Having found the misconduct established, the Court proceeded to consider the appropriate sanction under the LPA. While the provided extract does not include the final sanction paragraph, the structure of the judgment indicates that the Court’s ultimate orders would reflect the statutory sentencing framework for professional misconduct and the seriousness of breaching the contingency fee prohibition.

Why Does This Case Matter?

This decision is significant for practitioners because it underscores the strictness of the statutory ban on contingency fees in Singapore. The Court’s analysis shows that disciplinary bodies and appellate courts will look beyond labels and will scrutinise the substance of fee arrangements. Even where a respondent attempts to characterise a percentage discussion as a mere “parameter” for estimating costs, the court will test that explanation against the surrounding facts, the complainant’s concerns, and the practical implications of the numbers discussed.
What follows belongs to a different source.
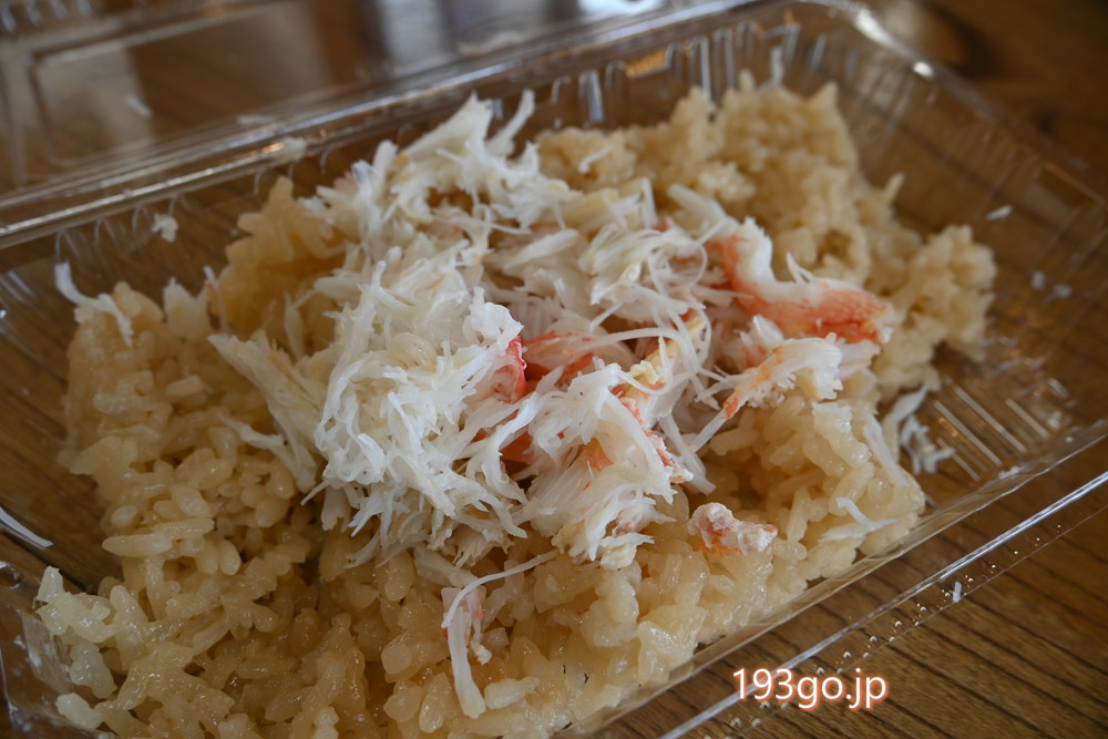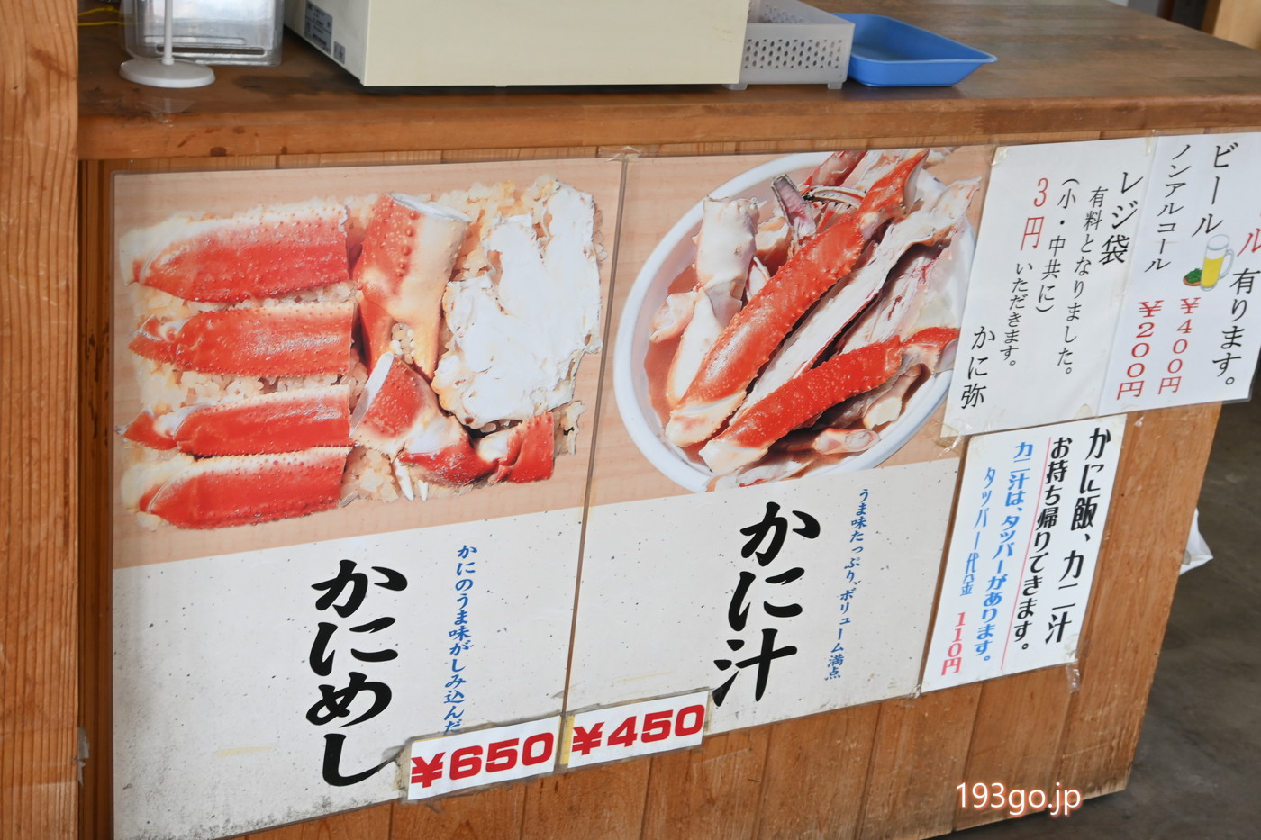店内で食べるメニューはシンプル。かにめし:650円とかに汁:450円。

From a compliance perspective, the case illustrates the evidential importance of contemporaneous communications. The Complainant’s email terminating the engagement and seeking a refund was treated as strong corroboration of the contingency fee arrangement. Lawyers should therefore assume that emails, letters, and other written records may become central evidence in disciplinary proceedings, particularly where the alleged agreement is verbal.
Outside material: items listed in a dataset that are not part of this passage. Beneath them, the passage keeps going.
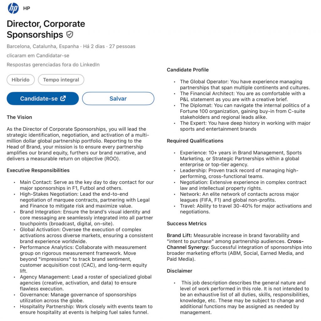 HP recently opened a vacancy for a Corporate Sponsorships Director.
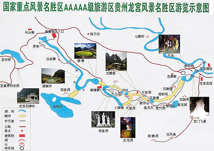 景區(qū)以溶洞、洞穴、瀑布為主體,堪稱(chēng)黔中一絕,包括龍宮、油菜湖、漩塘、螞蟥四大片區(qū)。龍宮中心區(qū)有臥龍湖、迎賓洞、龍門(mén)飛瀑、龍?zhí)短斐、龍宮暗湖、蚌殼巖、虎穴洞等景點(diǎn)組成,上下輝映,別有洞天,宛如神話中龍王所居的水晶宮殿。天池是一個(gè)山間湖泊,澄綠如玉,俗稱(chēng)龍?zhí),湖水下瀉,從巨大的溶洞跌拓而下,水墻壁立,寬25米,高約50米,驚濤奔涌,蔚為壯觀,此即龍門(mén),據(jù)稱(chēng)為中國(guó)地下瀑布之冠。這里有五段串珠式的暗洞、湖溶洞型地下河,五進(jìn)五出,稱(chēng)為五進(jìn)龍宮,全長(zhǎng)15公里,造型非常奇特,是中國(guó)發(fā)現(xiàn)的,最長(zhǎng)的水上巖溶。
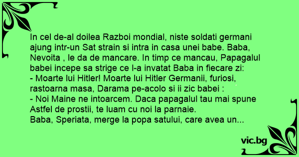 Baba, Speriata, merge la popa satului, care avea un papagal identic Si face schimb de papagali. A doua zi, vin germanii si se pun La masa. Papagalul tace. Ajung germanii la felul doi, papagalul Tace. Termina astia de mancat, papagalul tace.
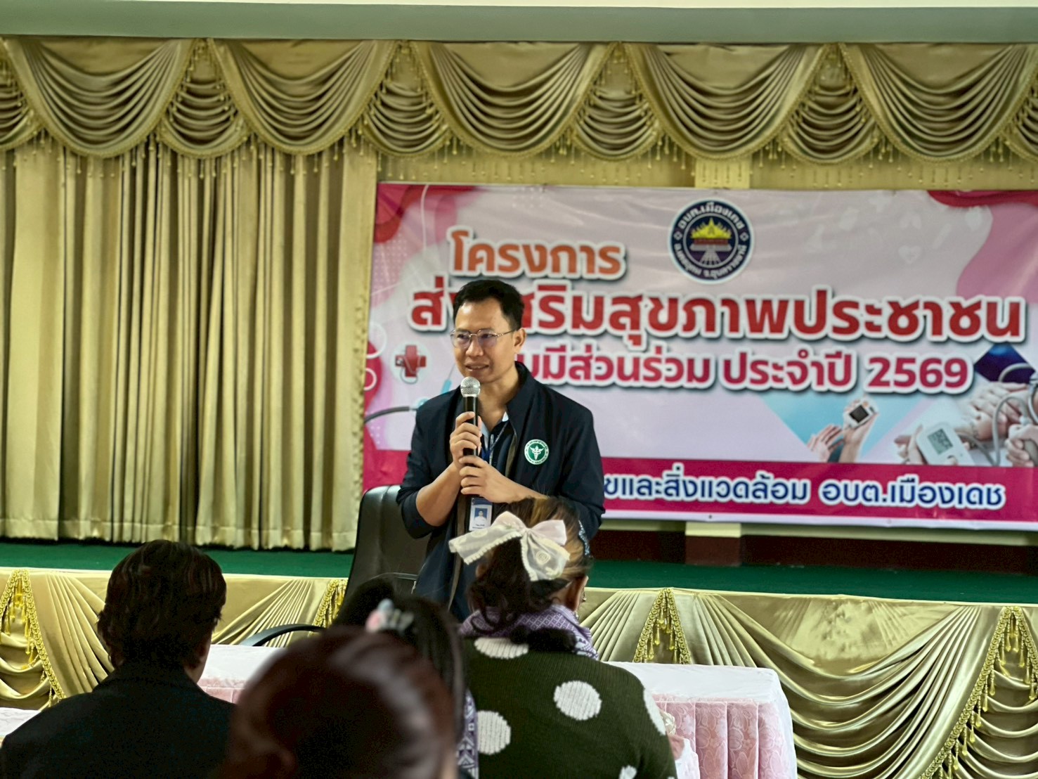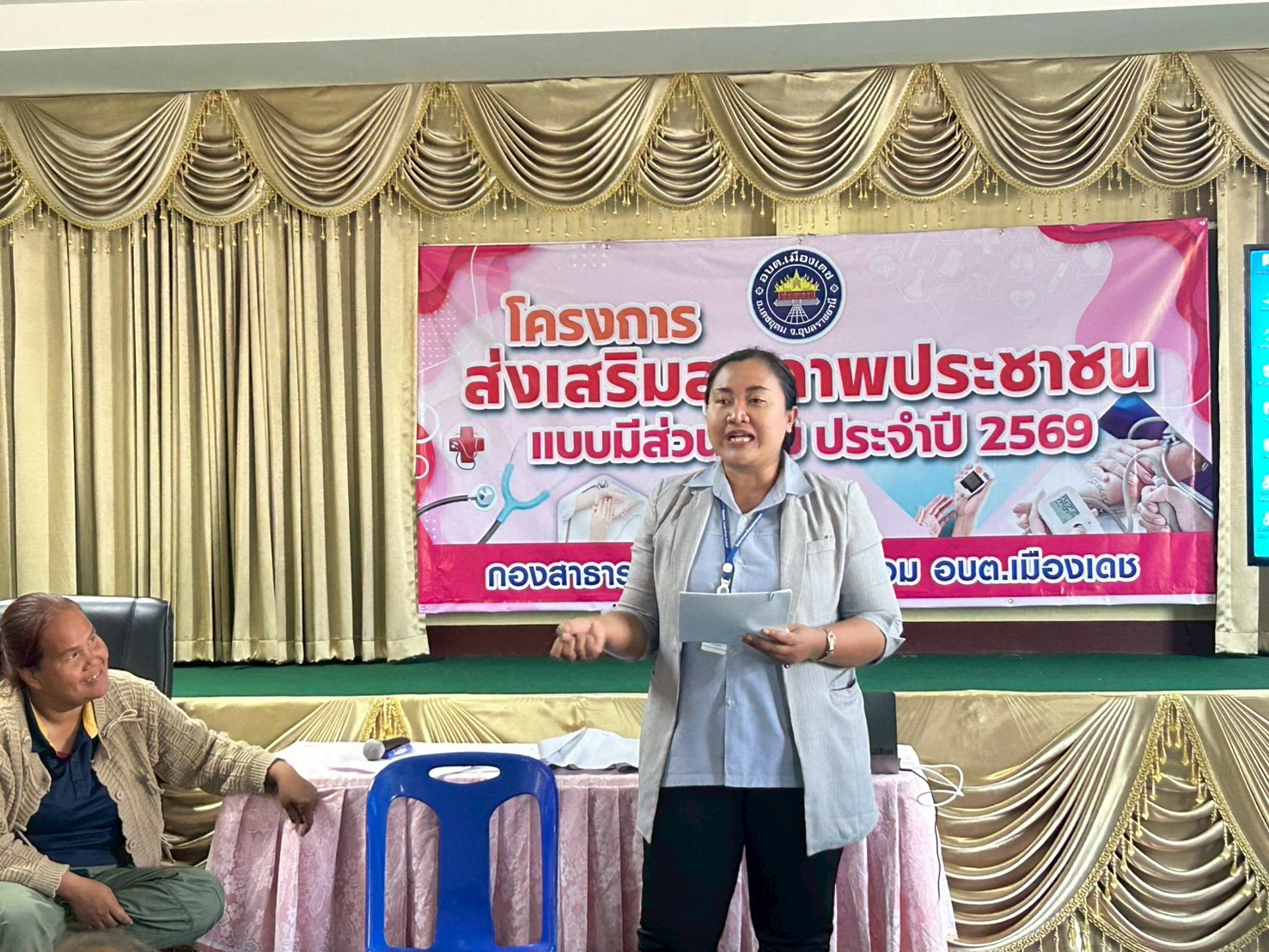 Thursday, 15 January 2026 11:15วันที่ 15 มกราคม 2569 เวลา 09.00 น. นายชลัท แสนศาลา รองปลัดองค์การบริหารส่วนตำบลเมืองเดช พร้อมด้วยหัวหน้าส่วนราชการ พนักงานส่วนตำบล และคณะวิทยากร จากศูนย์สุขภาพชุมชนเมืองบ้านโคกเถื่อนช้าง ได้เป็นประธานในพิธีเปิดโครงการส่งเสริมสุขภาพประชาชนแบบมีส่วนร่วม ประจำปีงบประมาณ 2569 เพื่อให้ประชาชนที่มีส่วนร่วมในการจัดการสุขภาพ และเกิดการปรับเปลี่ยนพฤติกรรมสู่การจัดการสุขภาพที่ยังยืน ตั้งแต่ระดับบุคคล ครอบครัว หมู่บ้าน โดยคนในชุมชนสามารถดูแลส่งเสริมสุขภาพได้ด้วยตนเอง องค์รวม กายใจสังคม สิ่งแวดล้อมที่ประกอบเป็นสุขภาพที่ดีของคนในชุมชน ณ อาคาร ศพอส.อบต.เมืองเดช ตำบลเมืองเดช อำเภอเดชอุดม จังหวัดอุบลราชธานี

For disciplinary law students and practitioners, the case also provides a clear application of the appellate standard of review in disciplinary matters. The Court’s approach reflects deference to the DT’s fact-finding, while still ensuring that the conclusions are supported by the weight of evidence. The Court’s rejection of the idea that denial alone creates reasonable doubt is a useful reminder of how credibility assessments are made in professional misconduct cases.

Legislation Referenced

  • Legal Profession Act (Cap 161, 2009 Rev Ed)
  • Section 83(1)
  • Section 83(2)(b)
  • Section 94(1)
  • Section 98(1)
  • Section 107(1)(b)
  • Section 107(3)

Cases Cited

  • Law Society of Singapore v Kurubalan s/o Manickam [2013] 4 SLR 91
  • Law Society of Singapore v Manjit Singh s/o Kirpal Singh and another [2015] 3 SLR 829
  • Law Society of Singapore v Lim Cheong Peng [2006] 4 SLR(R) 360

Source Documents

This article analyses [2017] SGHC 30 for legal research and educational purposes. It does not constitute legal advice. Readers should consult the full judgment for the Court's complete reasoning.